Na resposta, o SINDEPOR avançou com uma intimação para o Supremo Tribunal Administrativo, questionando os fundamentos da requisição civil e tentando, assim, impedir a decisão do Governo. A resposta chegou agora, com o chumbo do pedido do sindicato.

A requisição civil está prevista na legislação portuguesa desde 1974 e só pode ser usado quando “não estejam assegurados os serviços mínimos”. É um mecanismo utilizado apenas em “circunstâncias particularmente graves”, ou seja, só pode ser acionada em situações de emergência ou quando está em causa o cumprimento de serviços essenciais de interesse público. E um dos casos em que uma requisição civil pode ser acionada é na “prestação de cuidados hospitalares, médicos e medicamentosos”, tal como já antes explicou o Observador.

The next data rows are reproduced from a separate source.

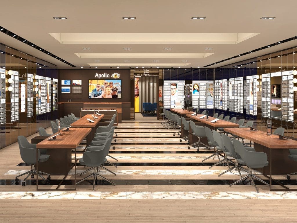 Der neue Flagshipstore ist Teil des globalen Roll-outs des Apollo-Mutterkonzerns EssilorLuxottica und besteht aus einem einzigartigen Konzept, das für ausgewählte Stores in Top-Lagen entwickelt wurde. Die Kunden erwartet ein edles italienisches Designkonzept, modernste Technik und eine exklusive Luxury Area, die Luxusmarken und -produkte präsentiert. Für den Store an der Zeil hat Apollo ein spezielles Sortiment zusammengestellt, das auf einer LED-Wall über die ganze Fassadenlänge illuminiert wird.
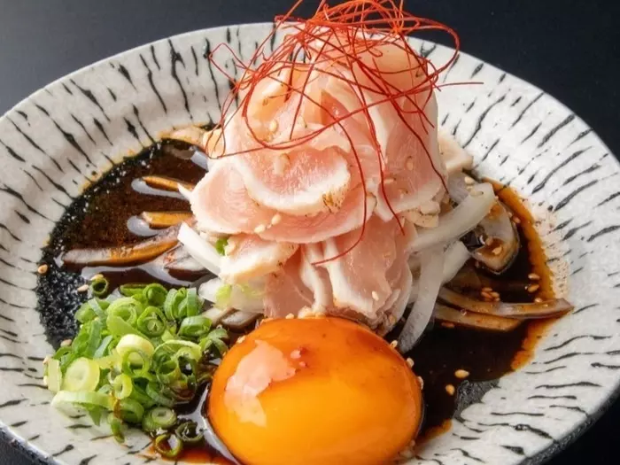 太宰府市にある【焼鳥・もつ鍋しょうき太宰府店】は、福岡で展開する【大衆居食屋しょうき】の姉妹店。香ばしく焼き上げた『焼鳥』や、2種のスープが選べる『もつ鍋』が味わえる居酒屋です。鹿児島から届く鶏「味なとり」を使用した『知覧直送!柔らかユッケ』は、ぜひ味わいたい一品。しっとりした舌触りと鶏の風味が楽しめます。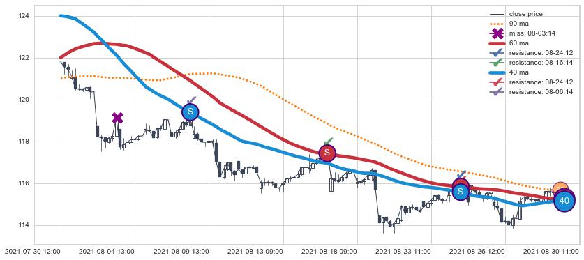 下跌趋势07-30 12:00-08-30 11:00,均线40, 60确认关键阻力3处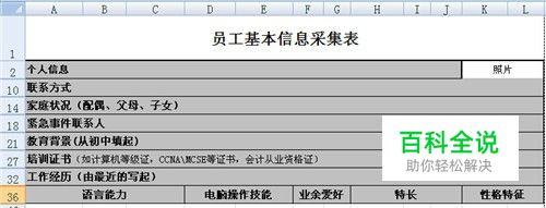 新建一个excel表格,在A1单元格输入标题“员工基本信息采集表”,然后依次在表格中输入个人信息、姓名、性别、出生日期、籍贯、身份证号码等内容(如图示),同时要注意留好空格,照片也要留有位置。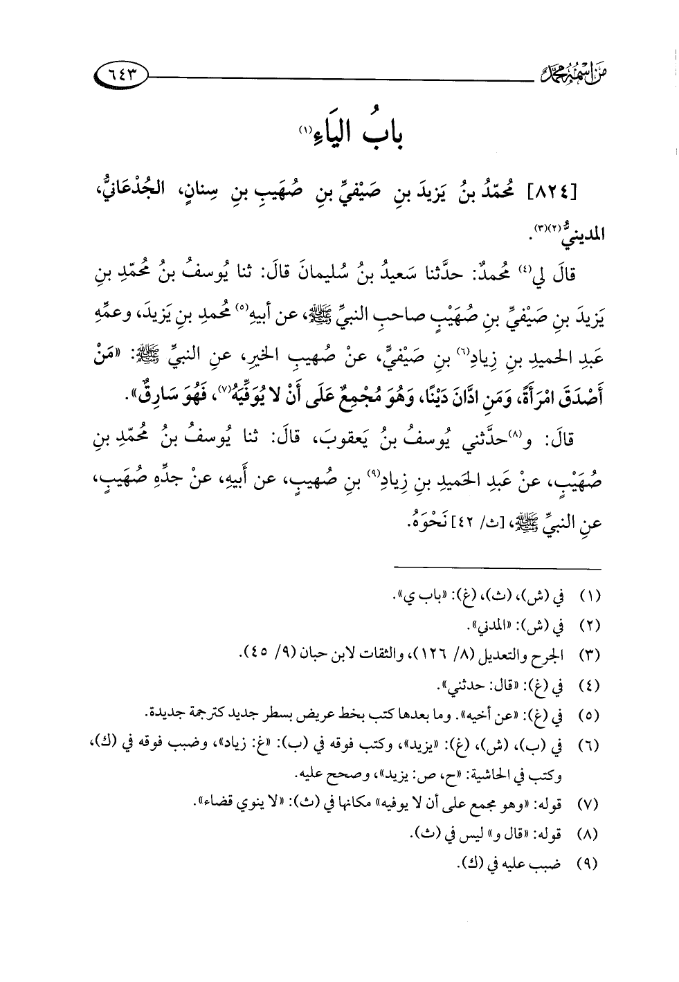 قالَ لي (¬٤) مُحمدٌ: حدَّثنا سَعيدُ بنُ سُليمانَ قالَ: ثنا يُوسفُ بنُ مُحمّدِ بنِ يَزيدَ بنِ صَيْفيِّ بنِ صُهَيْبٍ صاحبِ النبيِّ -صلى اللَّه عليه وسلم-، عن أبيهِ (¬٥) مُحمدِ بنِ يَزيدَ، وعمِّهِ عَبدِ الحميدِ بنِ زِيادِ (¬٦) بنِ صَيْفيٍّ، عنْ صُهيبِ الخيرِ، عنِ النبيِّ -صلى اللَّه عليه وسلم-: "مَنْ أَصْدَقَ امْرَأَةً، وَمَنِ ادَّانَ دَيْنًا، وَهُوَ مُجْمِعٌ عَلَى أَنْ لا يُوَفِّيَهُ (¬٧)، فَهُوَ سَارِقٌ".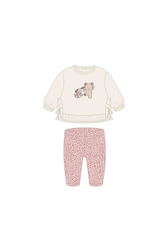 ¡Hermoso y basico conjunto de dos piezas a juego! Sudadera de manga larga con puños elásticos, cuello redondo, cierre trasero de botones a presion, modelo con diseño de lazos y con sus leggings a juego, elástico en la cintura y diseño estampado.
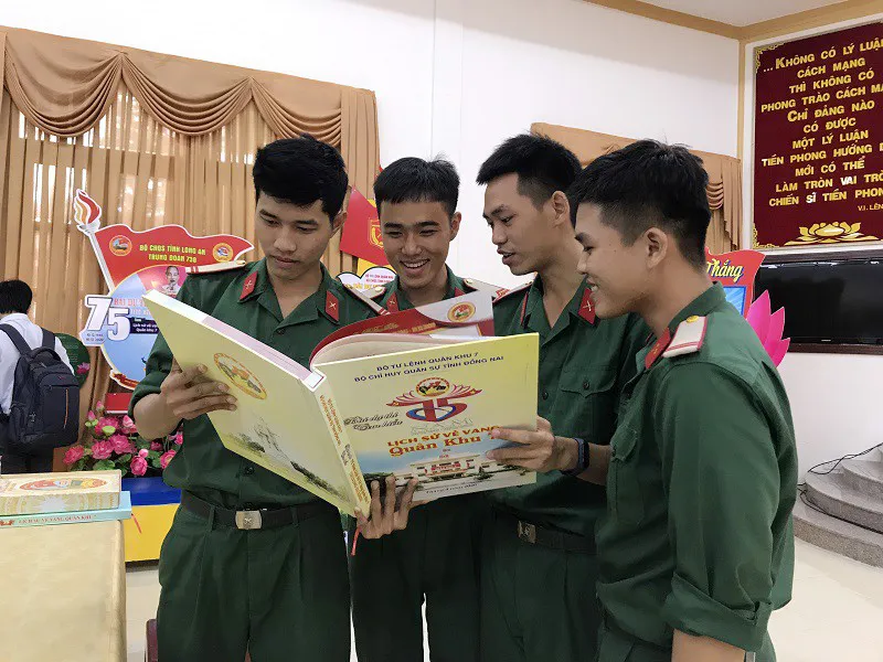 Cán bộ chiến sĩ Quân khu 7 xem kỷ yếu về 75 năm ngày truyền thống Quân khu 7. Ảnh: THANH TUYỀN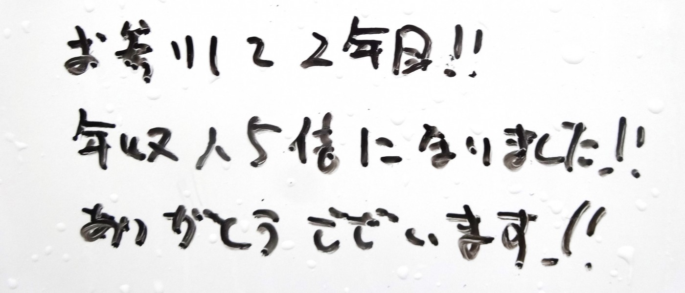 ボーナスがUPしました! 家族みんな元気です。ありがとうございます。 (松)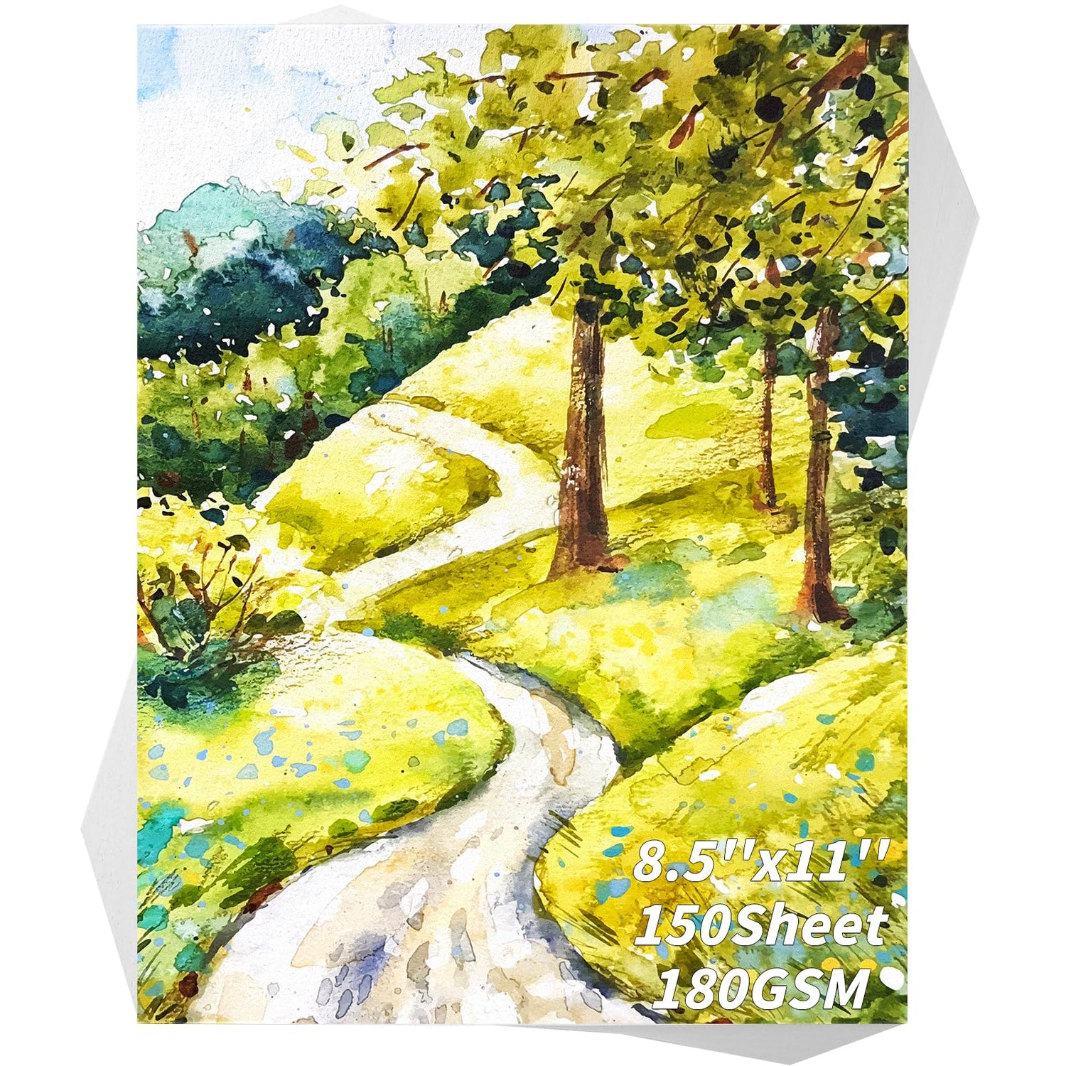150 Sheets Watercolor Paper Bulk,White Water Color Paper for Kids Child Students Adults Artists Drawing-65LB/180GSM Art Paper-8.5 x 11 inch Painting & Craft Paper, Finger Paints, Watercolor, Tempera

Requisição civil “não comprimiu o direito fundamental à greve dos trabalhadores”

Em conferência de imprensa, Tiago Antunes, secretário de Estado da Presidência do Conselho de Ministros, afirmou que o Tribunal Supremo Administrativo decidiu que a requisição civil “não comprimiu o direito fundamental à greve de todos os trabalhadores”.

Segundo Tiago Antunes, o conselho de ministros, ao aprovar a requisição civil, “pretendeu apenas salvaguardar o direito à saúde daqueles pacientes que necessitavam de cirurgias urgentes e prioritárias e nunca pretendeu pôr em causa o direito fundamental à greve”. Foi por isso, continuou o secretário de Estado, que o STA reconheceu, “ao afirmar preto no branco”, que o Governo apenas “visou garantir o cumprimento dos serviços mínimo naqueles hospitais”.

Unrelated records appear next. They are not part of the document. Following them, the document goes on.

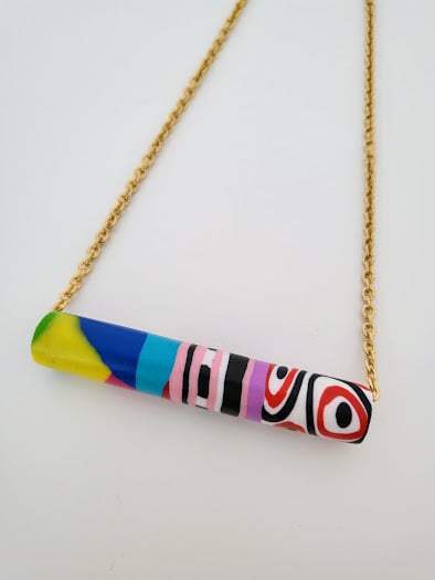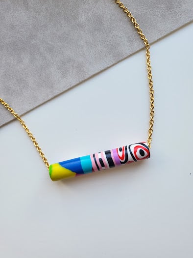 Elevate your everyday style with our 'Urban Pulse Necklace,' a wearable piece of contemporary art. Expertly handcrafted from durable polymer clay, this striking bar-shaped pendant features a dynamic fusion of vibrant hues – passionate reds, electric blues, soft pinks, and bold blacks – arranged in an intricate, abstract mosaic. Each facet of the design reveals a unique pattern, creating a fascinating visual rhythm that catches the eye. Suspended from a sleek silver-tone chain, this lightweight necklace adds a sophisticated pop of colour and modern flair to any outfit. It's the perfect accessory to express your unique style and artistic sensibility.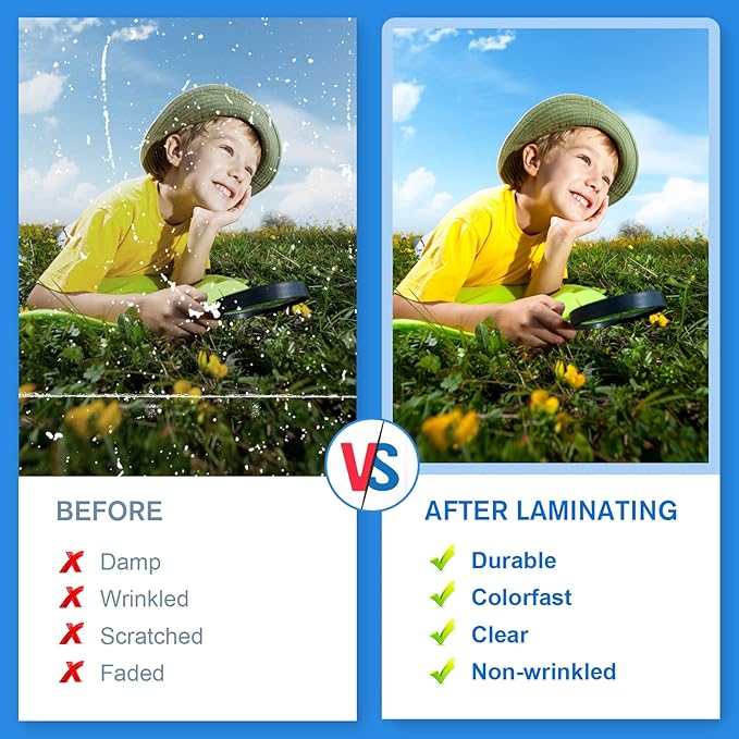 - Wide Application: Perfect for protecting photos, certificates, card, signs, calendars, kids artworks. It is compatible with most laminator brands.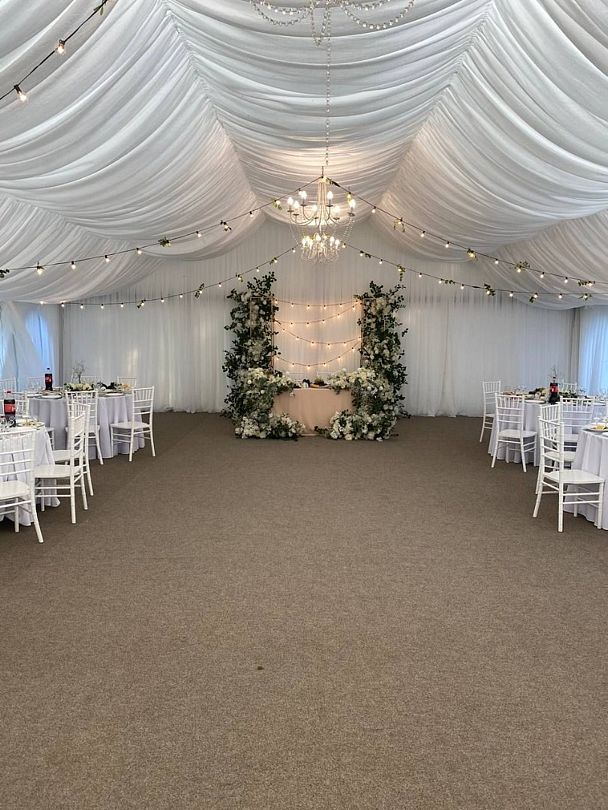 С июня по сентябрь «Тверь Парк Отель» предоставляет уникальную возможность для проведения мероприятий на свежем воздухе. Просторный шатер размером 150 м², рассчитанный на сто гостей, станет идеальным местом для реализации ваших идей и проектов.

Sobre o futuro, Tiago Antunes afirmou que o Governo pretende “recuperar a normalidade de funcionamento nos hospitais”, sendo que pretende fazê-lo “em conjunto com todos os profissionais de saúde, incluindo os enfermeiros”. O secretário de Estado assegurou ainda que, em breve, os sindicatos serão novamente chamados para negociar outros aspetos referentes à atual situação dos enfermeiros.

O Presidente da República, Marcelo Rebelo de Sousa, veio também dar razão ao Governo. O chefe de Estado, que falava à margem do lançamento do Prémio Firma & Futuro, em Carcavelos, no ‘campus’ da Nova ‘School of Business & Economics’, disse que a decisão do STA, na opinião do chefe de Estado, é “muito clara”, ao entender que o Governo atuou legalmente quando decretou a requisição civil “e não deu razão aos sindicatos”.

“Em boa hora surgiu, antes mesmo da decisão, um espírito de entendimento e de compreensão por parte dos sindicatos e da própria Ordem [dos Enfermeiros], de que é importante falar, é importante dialogar”, notou, referindo-se ao processo negocial entretanto retomado pelo Governo.

Marcelo Rebelo de Sousa salientou que “o tribunal foi muito claro ao dizer que tinha havido o não preenchimento de algumas situações daquilo que eram as exigências de serviços mínimos”.

Sindicato vai “reagir juridicamente”

O Sindicato Democrático dos Enfermeiros de Portugal (SINDEPOR) pretende “reagir juridicamente” à decisão tornada pública esta terça-feira, na qual o Supremo Tribunal Administrativo dá razão ao Governo no que à requisição civil diz respeito. Em resposta, o presidente desta organização sindical, Carlos Ramalho, disse à agência Lusa, citado pela Renascença, que os respetivos advogados vão analisar se vão ou não recorrer da decisão do STA.

Estamos a analisar o processo, ainda não conheço o conteúdo, de qualquer forma vamos reagir juridicamente dentro do que for as possibilidades e o quadro jurídico. Isso agora está entregue aos advogados”, disse o dirigente sindical.

Garcia Pereira, advogado do SINDEPOR, disse ainda à Renascença que “se for como o STA está a decidir agora, o Governo descobriu a fórmula para inutilizar, na prática, o direito à greve”.